The Farmer family has chosen to live in a somewhat rural area. Mr. Farmer teaches American Government at the high school in the nearby town. For extra income, the family raises about 5 acres of organic heirloom vegetables to sell to top-end restaurants that prize high quality produce and in the local farmer’s market. Occasionally local grocery stores will buy some of your produce as well. The family enjoys living outside of town, along Macaroni Creek, with its water recreation and scenery.
Mama’s Fine Frozen Foods, Inc. makes frozen family dinners. Almost 2 years ago, it opened its manufacturing facility on the adjacent property. It is not a huge facility, but is a commercial operation. It does not handle toxic or hazardous substances or explosives. Mama’s has been a “problem” neighbor since it opened. Those in the neighborhood wonder why anyone would buy its products. Instead of a pleasing aroma of Italian home cooking, the odors from the plant are frequent and sometimes unbearable. The Farmer’s property is adjacent to Mama’s facility, and their house is the closest occupied home.

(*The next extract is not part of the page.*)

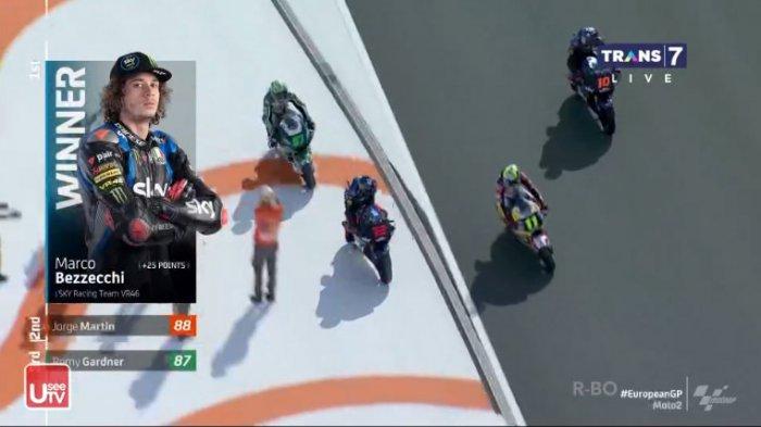 Hingga akhir balapan, posisi Marco Bezzecchi dan Jorge Martin tidak berubah.
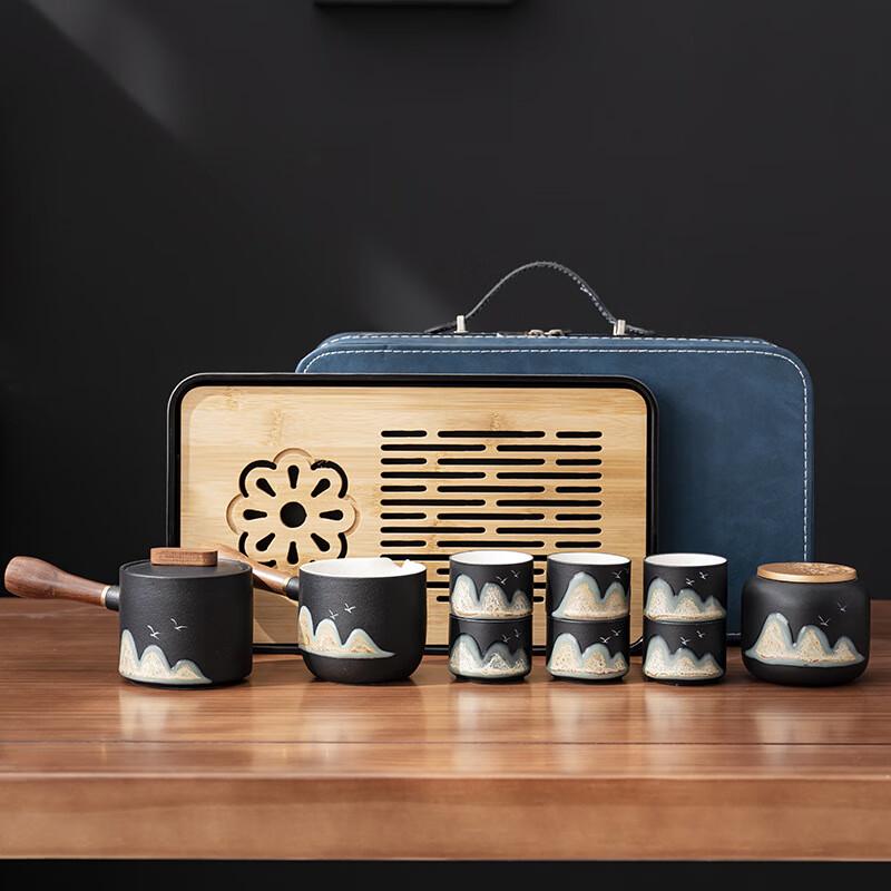 Portable Ceramic Kung Fu Travel Tea Set with Tea Tray

Your law firm is considering representing the Farmer family in a lawsuit against Mama’s. You also have been speaking with several of the neighbors who live slightly farther away, and they also have had some significant problems with the odors.
The dozen or so young children living in the area (including the Farmer’s 9 year old daughter and 11 year old son) do not like to go outside to ride bikes, play softball with each other, etc. when the odors are bad, which is happening more frequently. Each of the Farmer’s children tell you about friends who said they don’t really like to visit anymore because it stinks. It is also less pleasant for the Farmer family as they tend to their vegetables.
The water storage tank that Mama’s uses as part of its manufacturing process is located close to the Farmer’s property. On at least two occasions within the past year, a valve has been left open, resulting in the overfilling of the tank and the excess water coming onto the Farmer’s property. The worst incident was when the Farmers were about ready to harvest a plot of tomatoes last summer. Their prized organic heirloom tomatoes usually bring in a good profit. The overflow occurred overnight, and flooded half an acre before anyone discovered a problem. Instead of bushels of heirloom tomatoes, there was a big, muddy mess and much of the crop split open, rotted, or grew mold and was not marketable to high-end clients – or anyone else. You are told that this was clean water to be used in the cooking process, which is not contaminated with toxic chemicals. However, it still created major problems.
The Texas Commission on Environmental Quality has taken 2 enforcement actions against Mama’s, and Mama’s clearly has not complied with the terms of its wastewater permits. Mama’s discharges its wastewater into Macaroni Creek, slightly upstream of your property. The discharge contains conventional pollutants, such as BOD (biochemical oxygen demand) and TSS (total suspended solids). These pollutants are not “toxic” or poisonous in the traditional sense, but they do negatively impact oxygen levels and the ecosystem in Macaroni Creek and make it less attractive.
The Farmer family has a small recreational pier along Macaroni Creek that is great for sitting outdoors, fishing in the creek, and as a launching point for their kayaks. The Farmer family doesn’t enjoy sitting by the creek or kayaking in the mornings and evenings as much as they did in the past because of the odors and aesthetic issues with the water. They also are fishing less. There seem to be fewer fish in the creek, and the family thinks these fish are smaller than in the past, so this is not as reliable a food source as it once was. The family also has some concerns about the pollution impacts on the fish, though studies by the Department of Health have not found toxic contamination in the fish sampled from this area.
A. Discuss the advantages and problems if you seek to bring a lawsuit based on 1) private nuisance, 2) trespass, 3) negligence, 4) negligence per se, and 5) abnormally dangerous activities or strict liability. Note that all of these may not deserve equal weight or space in your response.
B. Discuss other issues raised by this fact situation, such as 1) what damages you might you seek if successful in proving liability, and the arguments supporting or opposing granting certain types of damages; 2) possible defenses that should be considered in evaluating this case, and 3) other issues related to this fact situation that you consider appropriate.